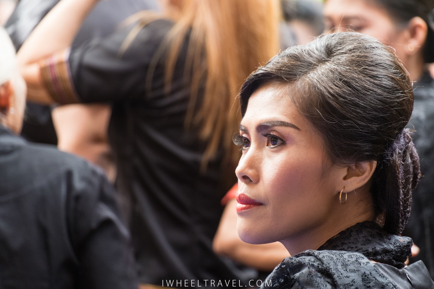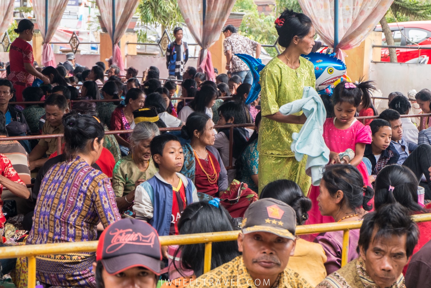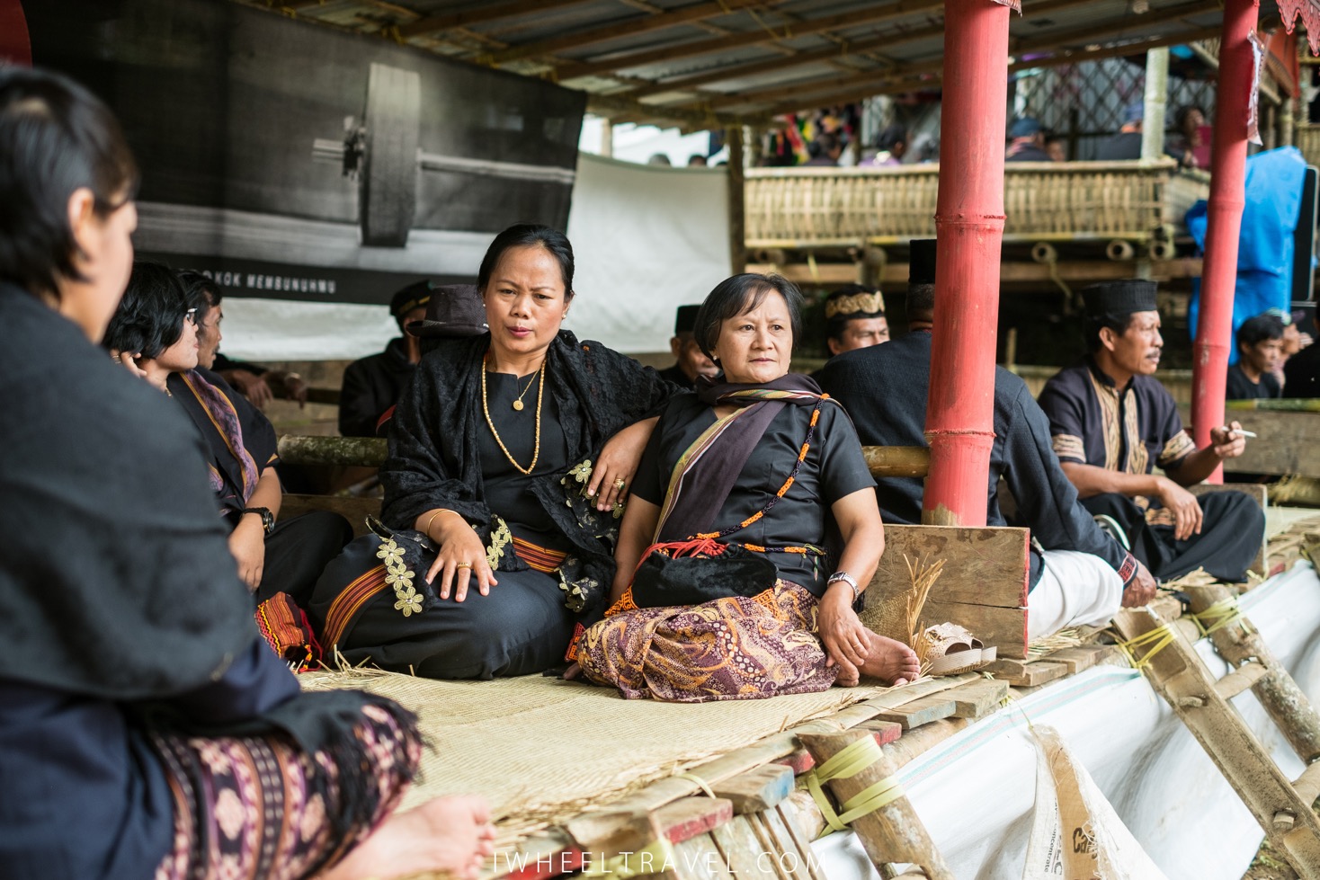 Quelques minutes plus tard la cérémonie commence réellement. Plusieurs processions se mettent en marche vers le bâtiment principal. Les hommes sont habillés en noirs. Beaucoup d’entre-eux sont vêtus d’un sarong qu’ils utilisent pour couvrir leurs jambes et portent un chapeau traditionnel. Pour les femmes je remarque qu’il y a deux tenues différentes. Certaines sont vêtues d’une tenue traditionnelle noire avec quelques broderies aux teintes rouges/orangées : ce sont les membres de la famille directe et leurs proches. Les autres femmes, habillées en longues jupes noires et en hauts oranges, connaissaient également la défunte mais n’entretenaient pas de relations aussi étroites avec elle. Celles-ci, souvent des cousines ou des voisines, veillent à ce que les autres invités ne manquent de rien. Elles aident notamment à servir les repas et les boissons. Les fillettes et les jeunes femmes sont magnifiques. Elles sont vêtues de tenues noires ou rouges ornées par des bijoux de perles. Enfin les invités qui n’ont pas de tenues spéciales sont des personnes plus éloignées de la famille.
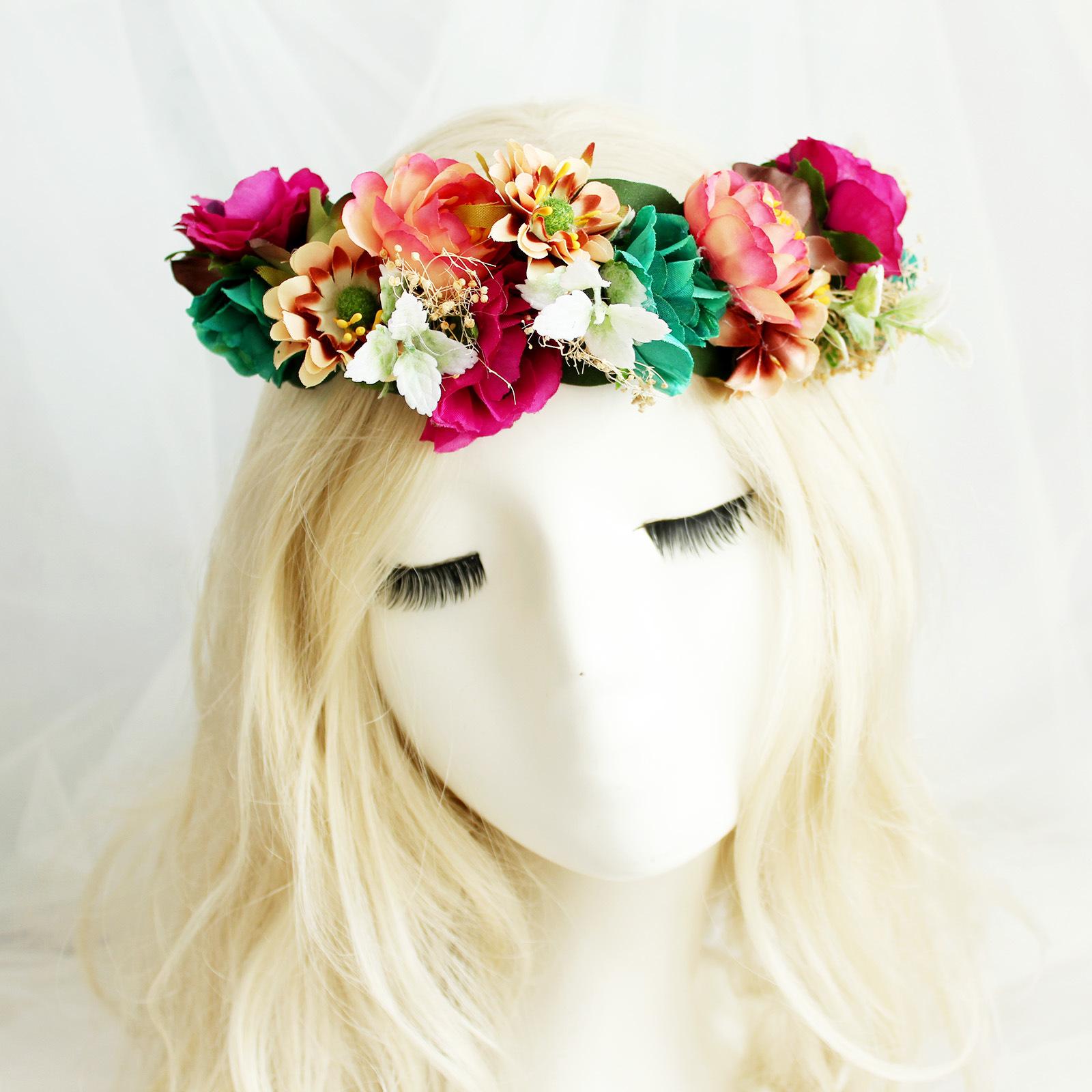 Derivados de flores: accesorios para el cabello de novia, coronas de flores artificiales, ramilletes, horquillas, flores para la muñeca, accesorios florales para zapatos y sombreros, etc.
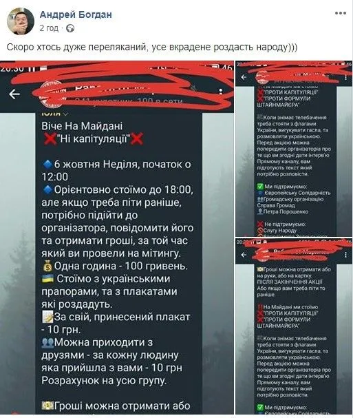Повідомлення нібито демонструють, що за участь в акції "Ні капітуляції" пропонують гроші. На скріншотах неперевіреної переписки, яка виглядає, як електронна, вказуються "суми" у 10 і 100 гривень.

□ □ □ □

What needs to be done:
All of the data above should be quoted exactly, except for the pictures.

Task response:
 Quelques minutes plus tard la cérémonie commence réellement. Plusieurs processions se mettent en marche vers le bâtiment principal. Les hommes sont habillés en noirs. Beaucoup d’entre-eux sont vêtus d’un sarong qu’ils utilisent pour couvrir leurs jambes et portent un chapeau traditionnel. Pour les femmes je remarque qu’il y a deux tenues différentes. Certaines sont vêtues d’une tenue traditionnelle noire avec quelques broderies aux teintes rouges/orangées : ce sont les membres de la famille directe et leurs proches. Les autres femmes, habillées en longues jupes noires et en hauts oranges, connaissaient également la défunte mais n’entretenaient pas de relations aussi étroites avec elle. Celles-ci, souvent des cousines ou des voisines, veillent à ce que les autres invités ne manquent de rien. Elles aident notamment à servir les repas et les boissons. Les fillettes et les jeunes femmes sont magnifiques. Elles sont vêtues de tenues noires ou rouges ornées par des bijoux de perles. Enfin les invités qui n’ont pas de tenues spéciales sont des personnes plus éloignées de la famille.
 Derivados de flores: accesorios para el cabello de novia, coronas de flores artificiales, ramilletes, horquillas, flores para la muñeca, accesorios florales para zapatos y sombreros, etc.
Повідомлення нібито демонструють, що за участь в акції "Ні капітуляції" пропонують гроші. На скріншотах неперевіреної переписки, яка виглядає, як електронна, вказуються "суми" у 10 і 100 гривень.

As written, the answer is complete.